Heavenly days, what wonderful rhymes. And all dreamed up by three American songsmiths, Irving Ceasar, Gerald Marks and Sammy Lerner.

Oops, I got all caught up in that and forgot where I was going with this. Brent's blog is "I am a child of television." I recommend it. It's here.

My blog number four will be "I am a child of radio." Of course. What else?
I read almost no fiction and I know next to nothing of the great classics that everyone should be acquainted with. I love Harry Heuser's highly literate blog. Broadcastellan. I don't always know what he's talking about but I sure love the way he says it.

I don't read fiction becauase I have little patience with the stuff without which it wouldn't be fiction.. I skip right past the description, characterization, scene setting, situations and all that adds up to the author's style. Give me dialogue. I want to hear voices. Give me a Hammond Organ barking and biting transitions and scene settings as only a tone-wheel Hammond can do. I don't want somebody drawing word pictures for me. I am quite capable of doing that for myself in my head, thank you. William Conrad's voice gives me a perfect mental picture of a marshal in the old west. John Todd, no more Indian than I am, was the ideal "Tonto" to the Lone Ranger on radio.

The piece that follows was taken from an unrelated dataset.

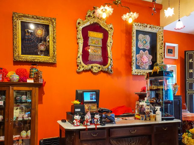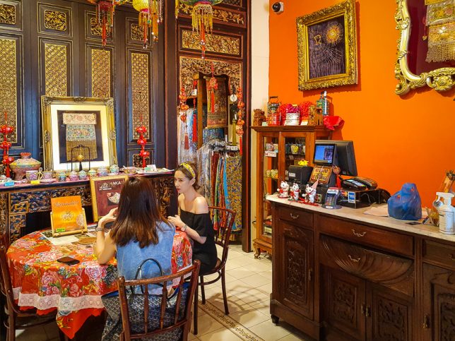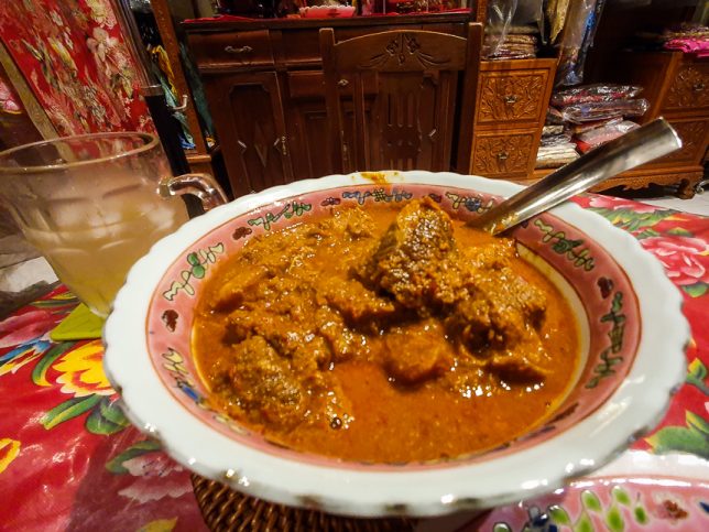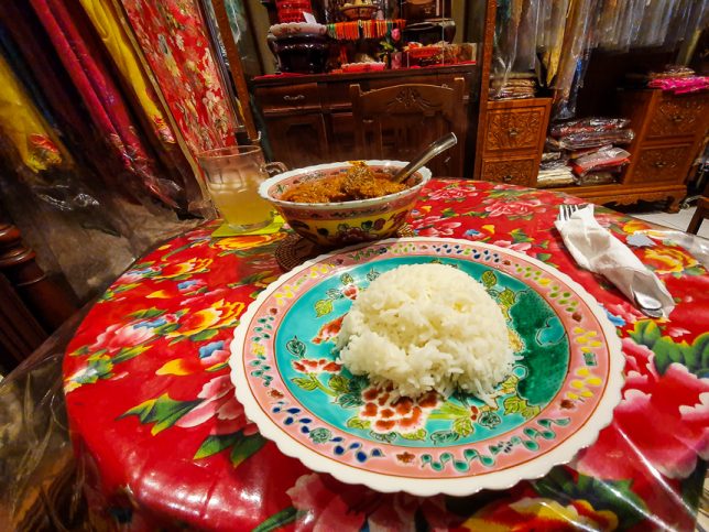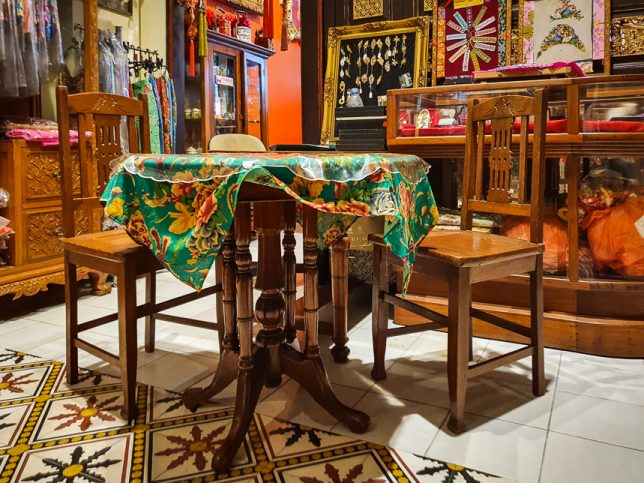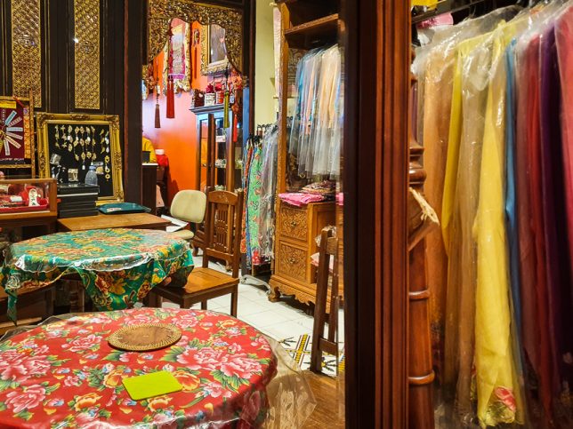 There are a few small tables among the sarong kebayas, beaded slippers and jewelry for sale. Eating at those tables is like eating in someone’s cluttered home.

So I'm ignorant of stuff I should know about. I was raised on radio. It's radio's fault.

1 comment:

  1. I envy you that parentage, Clifton. I’d like to think of myself as a love child, but radio has no knowledge of me. It is more like a distant relative I encountered in old photographs and regret not having met. Luckily, enough of those snapshots exist to allow me to get acquainted in retrospect.

    Clearly, you prefer dialogue, as much as you enjoy listening to raconteurs like Jean Shepherd or Garrison Keillor. Thank you for drawing me in and finding a part for me.